Preview
Preview Feature — This feature is currently in preview and under active development. APIs and functionality may change. We recommend testing thoroughly before using in production.
Using Vectors with Agents
Vector databases give AI agents long-term memory and semantic retrieval capabilities. This guide shows how to integrate vectors with Ductape agents.
Overview
There are two ways to use vectors with agents:
- Long-Term Memory - Automatic storage and retrieval of conversation context
- Direct Access - Tools that query vectors for specific information
Method 1: Long-Term Memory
Configure an agent to automatically store and retrieve relevant memories using vectors.
Setup
import { VectorDBType, DistanceMetric } from '@ductape/sdk';
// 1. Create vector database for agent memory
await ductape.vector.create({
product: 'my-product',
name: 'Agent Memory',
tag: 'agent-memory',
dbType: VectorDBType.PINECONE,
dimensions: 1536,
metric: DistanceMetric.COSINE,
envs: [
{
slug: 'dev',
endpoint: 'https://dev-index.pinecone.io',
apiKey: process.env.PINECONE_API_KEY,
index: 'agent-memories',
namespace: 'support-agent',
},
],
});
// 2. Define agent with long-term memory
const agent = await ductape.agents.define({
product: 'my-product',
tag: 'support-agent',
name: 'Customer Support Agent',
model: {
provider: 'anthropic',
model: 'claude-sonnet-4-20250514',
},
systemPrompt: `You are a helpful customer support agent.
Use your memory to remember previous conversations and provide personalized support.`,
memory: {
shortTerm: {
maxMessages: 50,
truncationStrategy: 'summarize',
},
longTerm: {
enabled: true,
vectorStore: 'agent-memory', // Reference to vector config tag
retrieveTopK: 5,
minSimilarity: 0.7,
autoStore: true, // Automatically store important interactions
namespace: 'support-agent',
},
},
tools: [/* your tools */],
});
How It Works
With long-term memory enabled:
- Automatic Retrieval - Before each response, the agent queries the vector store for relevant past interactions
- Context Injection - Retrieved memories are added to the system prompt as context
- Automatic Storage - Important interactions are automatically stored for future retrieval
// Run the agent - memories are handled automatically
const result = await ductape.agents.run({
product: 'my-product',
env: 'dev',
tag: 'support-agent',
input: 'I had an issue with my order last week, can you help?',
sessionId: 'user-123', // Session ID for memory isolation
});
// The agent will automatically recall relevant memories
// from the user's previous conversations
Memory Configuration Options
| Option | Type | Default | Description |
|---|---|---|---|
enabled | boolean | false | Enable long-term memory |
vectorStore | string | - | Tag of vector config to use |
retrieveTopK | number | 5 | Number of memories to retrieve |
minSimilarity | number | 0.7 | Minimum similarity threshold |
autoStore | boolean | false | Auto-store interactions |
namespace | string | - | Namespace for memory isolation |
Method 2: Direct Vector Access
Give agents tools that directly query vector databases.
Knowledge Base Tool
const agent = await ductape.agents.define({
product: 'my-product',
tag: 'knowledge-agent',
name: 'Knowledge Base Agent',
model: {
provider: 'anthropic',
model: 'claude-sonnet-4-20250514',
},
systemPrompt: `You are a helpful assistant with access to a knowledge base.

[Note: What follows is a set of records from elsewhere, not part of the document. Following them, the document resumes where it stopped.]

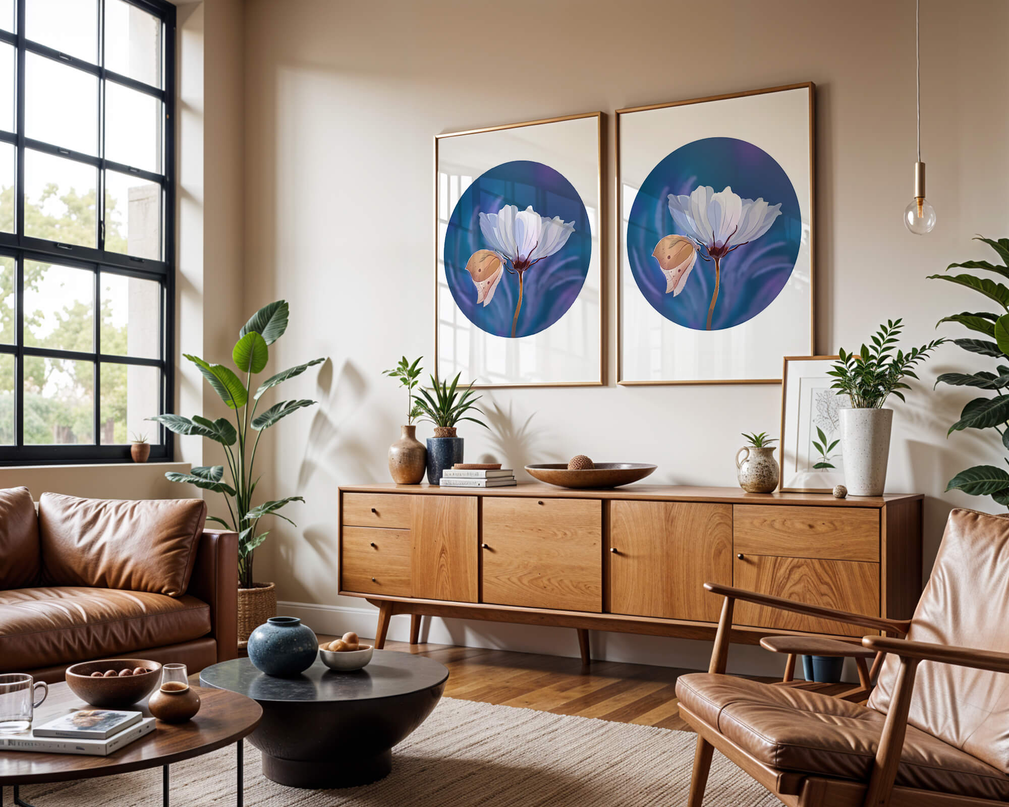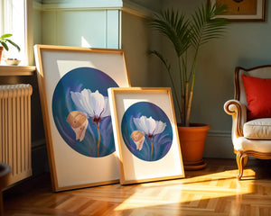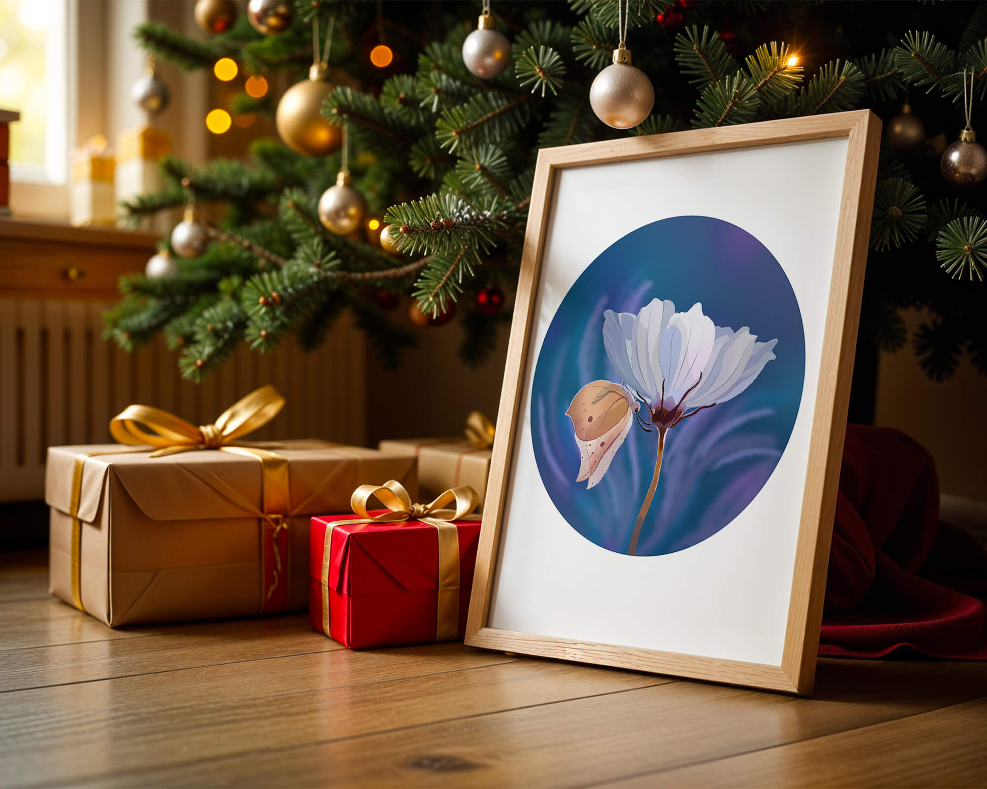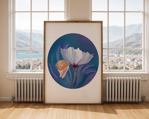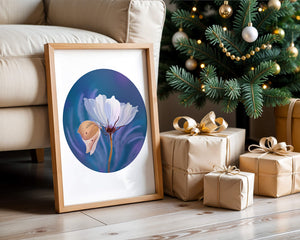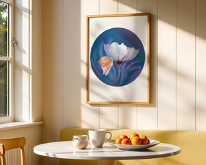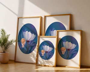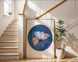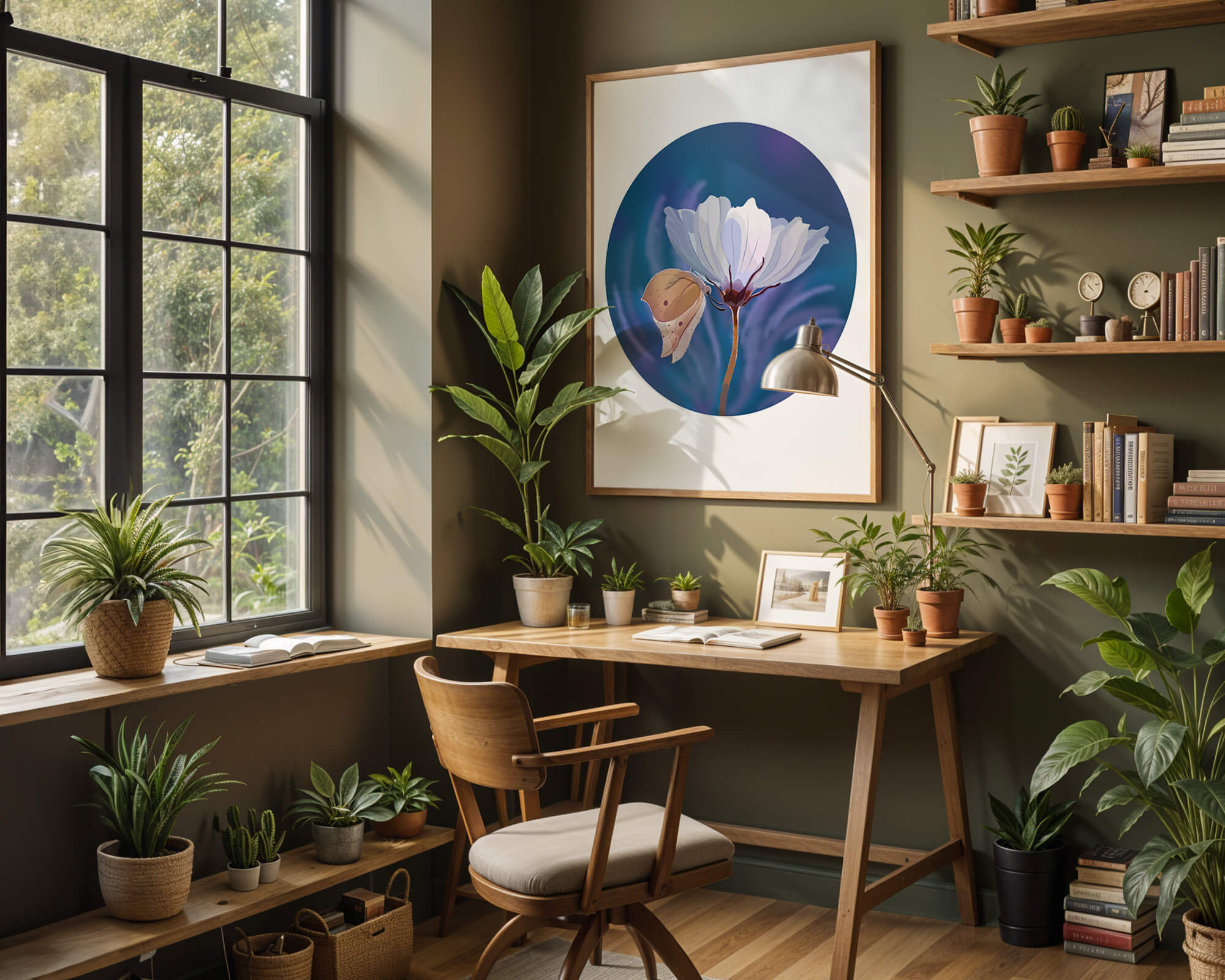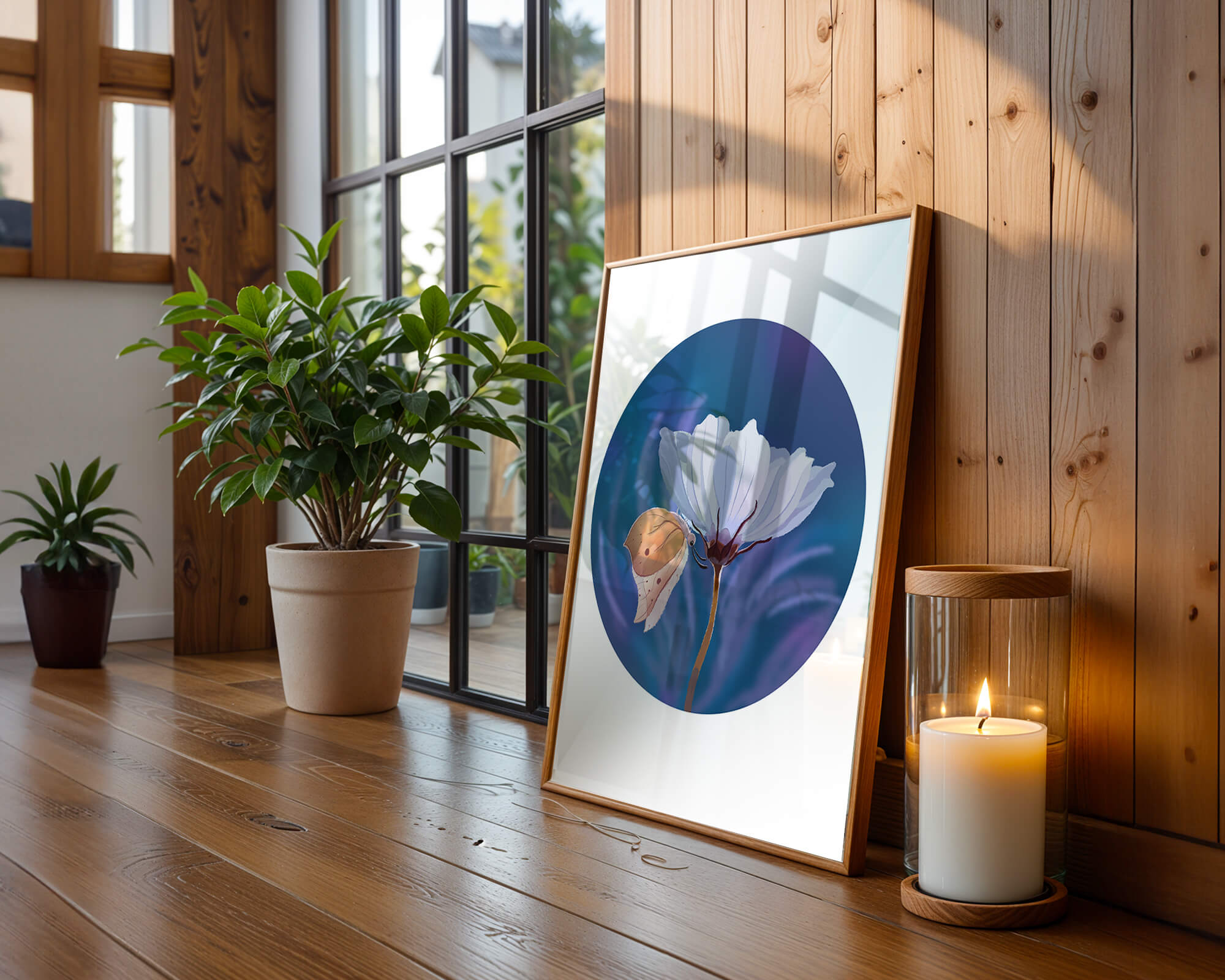 The artwork showcases an elegant balance between the intricate design of the butterfly and the smooth, gentle curves of the flower. The blue background enhances the tranquility of the scene, making it a perfect addition to any space seeking a touch of natures elegance. The subtle play of colors and shadows adds depth and life to the composition, drawing the viewer into its serene world.Its an ideal piece for rooms looking to infuse a sense of peacefulness and natural beauty. Whether displayed in a living room, bedroom, or office, this illustration can bring a soothing and visually appealing presence, making it a timeless choice for art lovers.| Type |
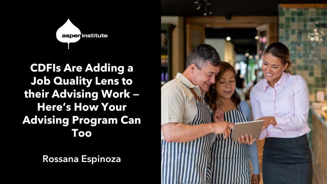 This webinar, which EOP hosted on June 26, 2025, features highlights from the guide, as well as insights from CDFI leaders about their approaches to building job quality advising into their work. It features opening remarks from the Aspen Institute’s Maureen Conway and Bryn Morgan, followed by a panel discussion with Amanda Blondeau (Northern Initiatives), Cynthia Murphy (Coastal Enterprises, Inc.), and Delphine Ntegeye (African Development Center).
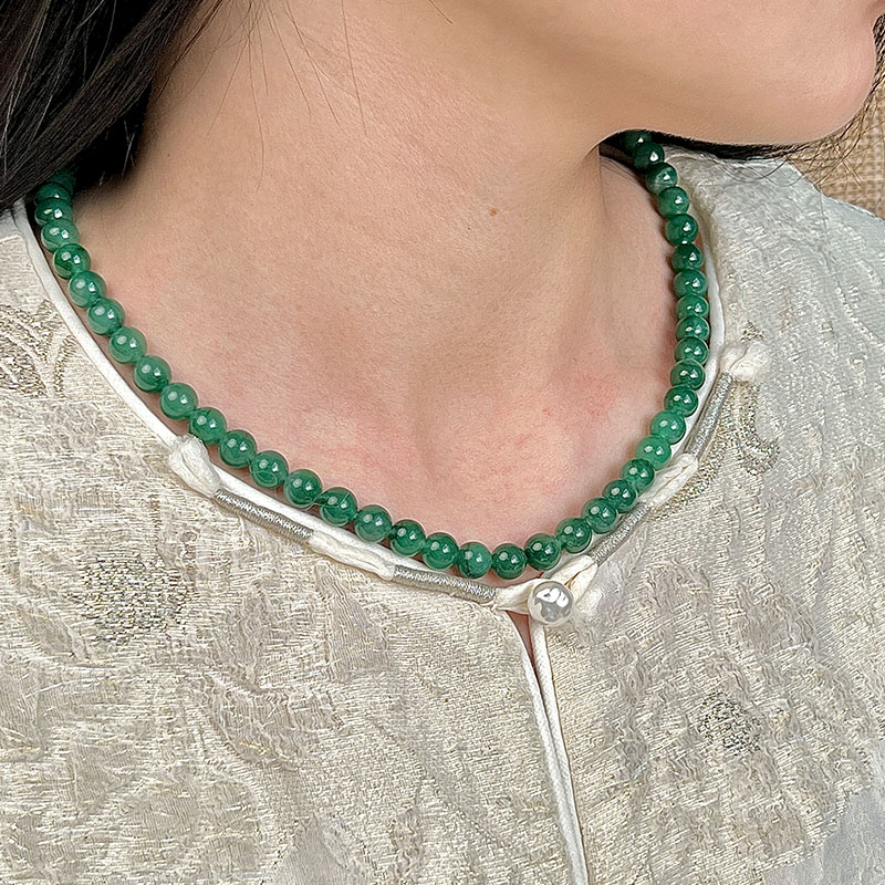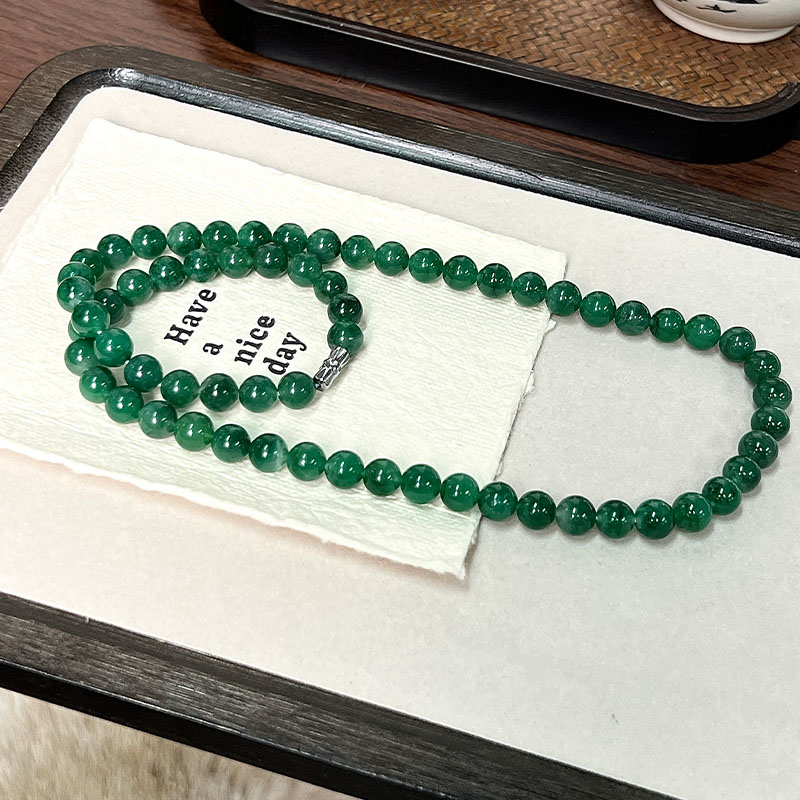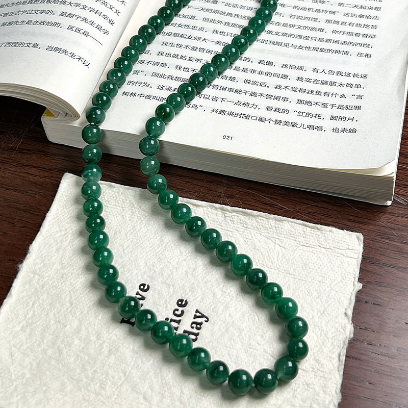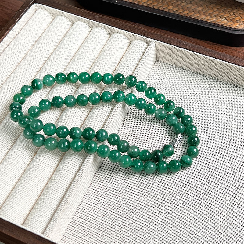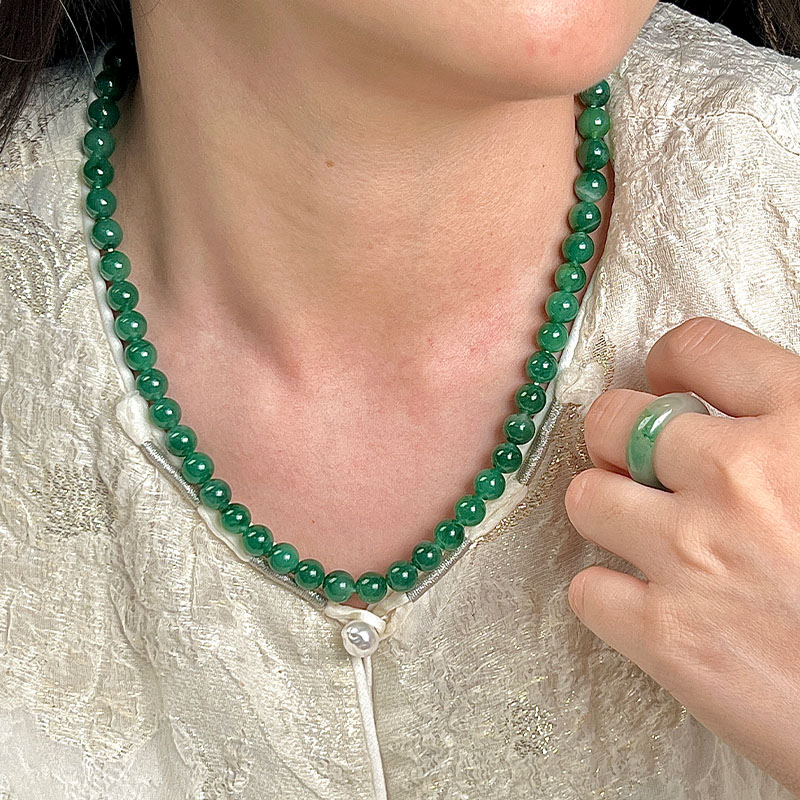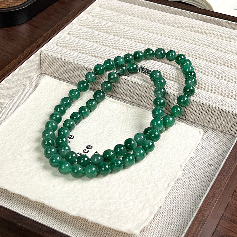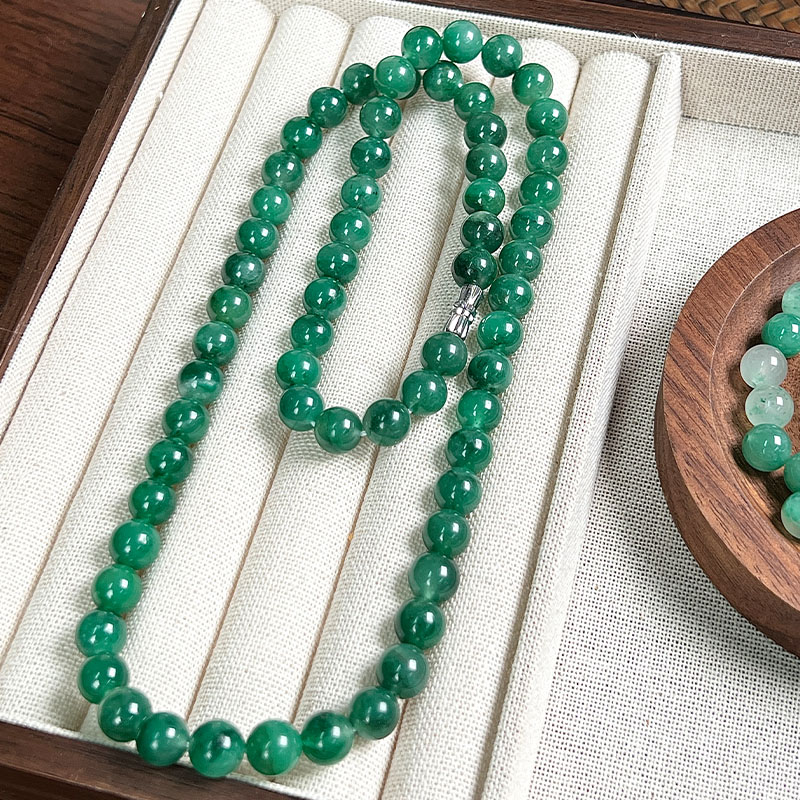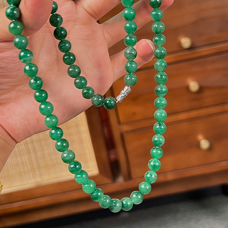 如果你觉得上一条还不够贵气,那看看这条吧,8mm的珠径作为项链就真的很珠宝,不是翡翠胜似翡翠。

Use the search_knowledge tool to find relevant information before answering questions.`,
tools: [
{
tag: 'search-knowledge',
name: 'Search Knowledge Base',
description: 'Search the knowledge base for relevant documents',
parameters: {
query: {
type: 'string',
description: 'The search query',
required: true,
},
category: {
type: 'string',
description: 'Optional category filter',
enum: ['faq', 'documentation', 'tutorials'],
},
limit: {
type: 'number',
description: 'Maximum number of results',
default: 5,
},
},
handler: async (ctx, params) => {
// Generate embedding for the query
const queryVector = await generateEmbedding(params.query);
// Query the vector database
const results = await ctx.recall({
vector: queryVector,
topK: params.limit || 5,
filter: params.category ? { category: params.category } : undefined,
includeMetadata: true,
});
// Return formatted results
return results.matches.map((match) => ({
title: match.metadata?.title,
content: match.metadata?.content,
relevance: match.score,
}));
},
},
],
});
RAG (Retrieval-Augmented Generation)
Build a full RAG pipeline with vectors and agents:
const ragAgent = await ductape.agents.define({
product: 'my-product',
tag: 'rag-agent',
name: 'RAG Assistant',
model: {
provider: 'anthropic',
model: 'claude-sonnet-4-20250514',
},
systemPrompt: `You are an AI assistant that answers questions based on retrieved documents.
Always search for relevant documents before answering.
Cite your sources by referencing document titles.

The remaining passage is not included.